→ **Given data**:
━━━━━━━━
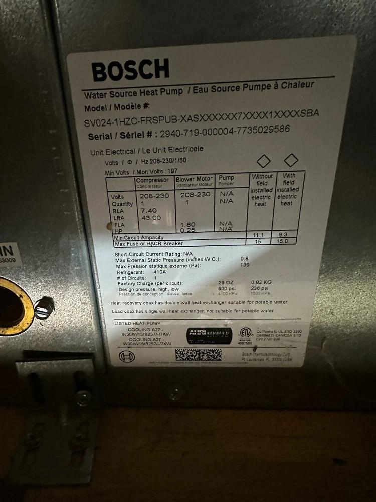Bosch Heat Pump SV024-1HZC-FRSPUB 2 Ton Unit
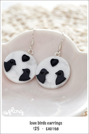 For love birds. The heart hovering above the 2 birds are made of semiprecious black onyx. The background? White howlite that looks very much like white marble. This pair of earrings hangs from 925 silver ear hooks.
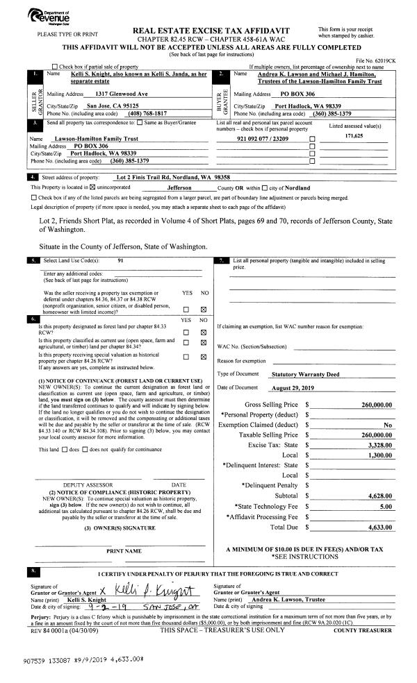 | Mailing Address: | ANDREA K LAWSON TRUSTEE MICHAEL J HAMILTON TRUSTEE PO BOX 53 NORDLAND, WA 98358-0053 | % Ownership: | 100.0000000000% |
━━━━━━━━
→ **What this task involves**:
Going from the line with "For love birds." to the last line of the listing, write out each line exactly and nothing else. Leave out all pictures.

→ **Result**:
 For love birds. The heart hovering above the 2 birds are made of semiprecious black onyx. The background? White howlite that looks very much like white marble. This pair of earrings hangs from 925 silver ear hooks.
 | Mailing Address: | ANDREA K LAWSON TRUSTEE MICHAEL J HAMILTON TRUSTEE PO BOX 53 NORDLAND, WA 98358-0053 | % Ownership: | 100.0000000000% |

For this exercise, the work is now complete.